**Task to carry out:**
Take the line with "Laser cutting time" as the first and the last line of the data as the end. Write out both and every line between exactly, except pictures.

**Dataset excerpt:**
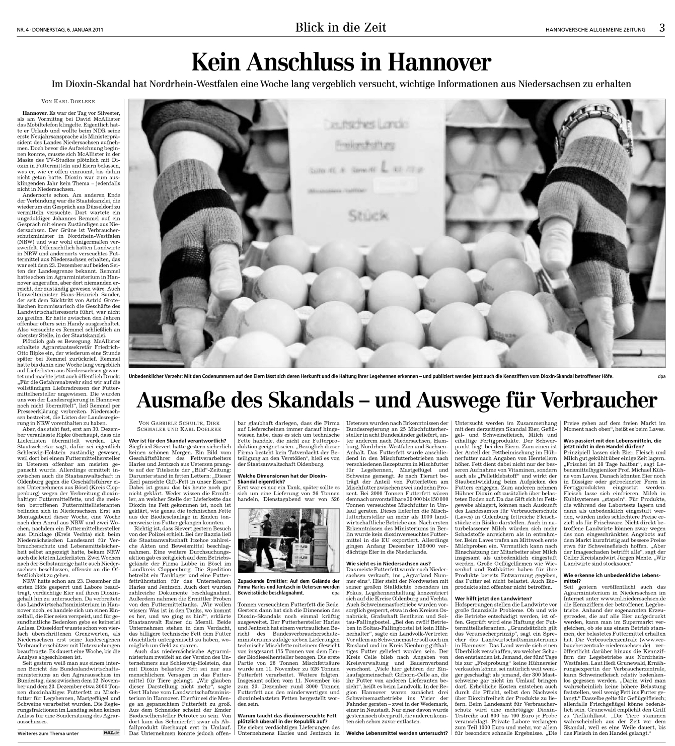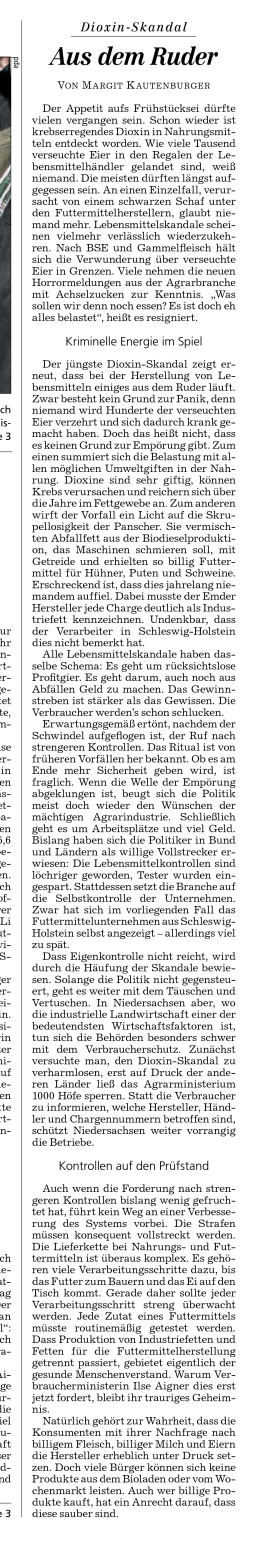 HAZ KOMMENTAR 06.01.2011 DIOXIN-SKANDAL AUS DEM RUDER
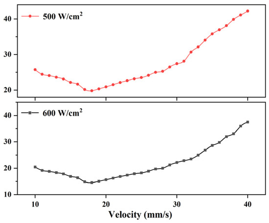 Laser cutting time as a function of the scanning speed with laser power densities of 500 W/cm2 and 600 W/cm2.
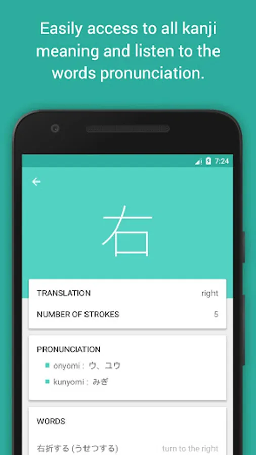 - Meaningful informations such as translations, pronunciations ( in both romaji and kana ), the number of strokes, a list of words with sounds and even the video which draws the kanji step by step.

**Answer area:**
 Laser cutting time as a function of the scanning speed with laser power densities of 500 W/cm2 and 600 W/cm2.
 - Meaningful informations such as translations, pronunciations ( in both romaji and kana ), the number of strokes, a list of words with sounds and even the video which draws the kanji step by step.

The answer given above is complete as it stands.